Бухенвальдский набат 2 стр.

Что может быть горше такой судьбы! И это я принял ее, я, кадровый командир Красной Армии! Я, который свою жизнь начинал вместе с этой армией, когда в девятнадцатом году после окончания нижегородских пехотных курсов отправился бить Колчака в Восточную Сибирь! Я, который прошел длинную служебную лестницу от командира взвода в пехоте до начальника артиллерии дивизии! Я — коммунист, подполковник — стою здесь, держа руки на голове, покачиваюсь от голода и усталости и жду, когда мне объявят мой смертный час! Стою,глотаю сухой ком в горле и никак не могу его проглотить.

Подошла моя очередь. Страха уже нет. Все равно. Вхожу в канцелярию. Канцелярия как канцелярия. Массивные столы, ящики с карточками, папки с бумагами. За столами люди в одинаковых полосатых куртках, с номерами на левой стороне груди, как-то смешно остриженные. Расспрашивают деловито, но не злобно:

— Смирноф? А имя — Иван?

Говорят вроде бы понятно, а не по-русски:

— За что тебя в тюрьму посадили?

Что мне скрывать? Все равно, кажется, конец жизненному путешествию…

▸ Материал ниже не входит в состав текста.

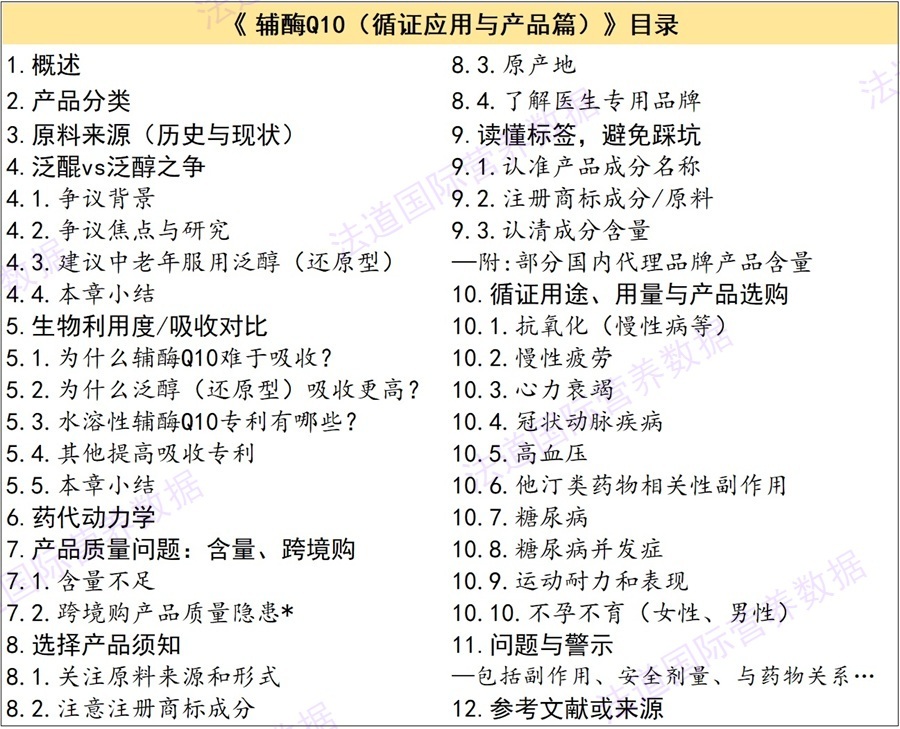 为满足广大用户的迫切需要,顺应发展趋势,本网站数据库将陆续推出重要营养素(如鱼油、辅酶Q10和益生菌…等)的有关产品信息,包括品牌、价格对比和购买链接,并基于有关大量临床研究数据,将作用评估分级,及汇集用量和使用周期等关键内容。信息力求深入、广泛和新颖,并附有文献或信息来源等佐证。继《鱼油既欧米伽3》后,本篇《辅酶Q10(循证应用与产品篇)》(以下简称《辅酶Q10》,目录见下图1)正式上线了!会员用户可点击进入全文阅读,非会员用户可点击摘编版《辅酶Q10用途、用量与产品精选》阅读和选购常用产品。
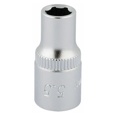 General description This 1/4" drive 5.5mm hex socket is designed for professional use. Made from hardened and tempered chrome vanadium steel, it offers durability and corrosion resistance. The socket features a chamfered end for easy nut engagement and a hole for a spring-loaded ball bearing to secure accessories. Technical specifications Size: 5.5mm hex Drive size: 1/4 inch Material: Chrome vanadium steel Finish: Chrome plated Standards: DIN 3124/ISO 2725, DIN 3120/ISO 1174 Compatibility and accessories Compatible with 1/4" drive tools Features a hole for spring-loaded ball bearing to secure accessories Installation Insert the socket onto a compatible 1/4" drive ratchet or wrench Ensure the socket is properly seated before use Usage Use for tightening or loosening nuts and bolts with 5.5mm hex heads Suitable for professional and DIY applications requiring precision and durability

— За пропаганду против фашизма, — говорю.

— Добже! Добже!

Пишут какую-то анкету, сличают мои ответы с бумагами, видимо, пришедшими вместе с нами.

— Добже! Добже!

Спрашиваю неуверенно:

— Куда нас привезли?

Не понимают, смотрят друг на друга озадаченно.

— Какой лагерь?

И сразу все:

— О! Бухенвальд! Бухенвальд! Буковый лес, понимаешь? Черный лагерь! Но не бойся, не все погибают… Здесь работают… Понимаешь, работают… .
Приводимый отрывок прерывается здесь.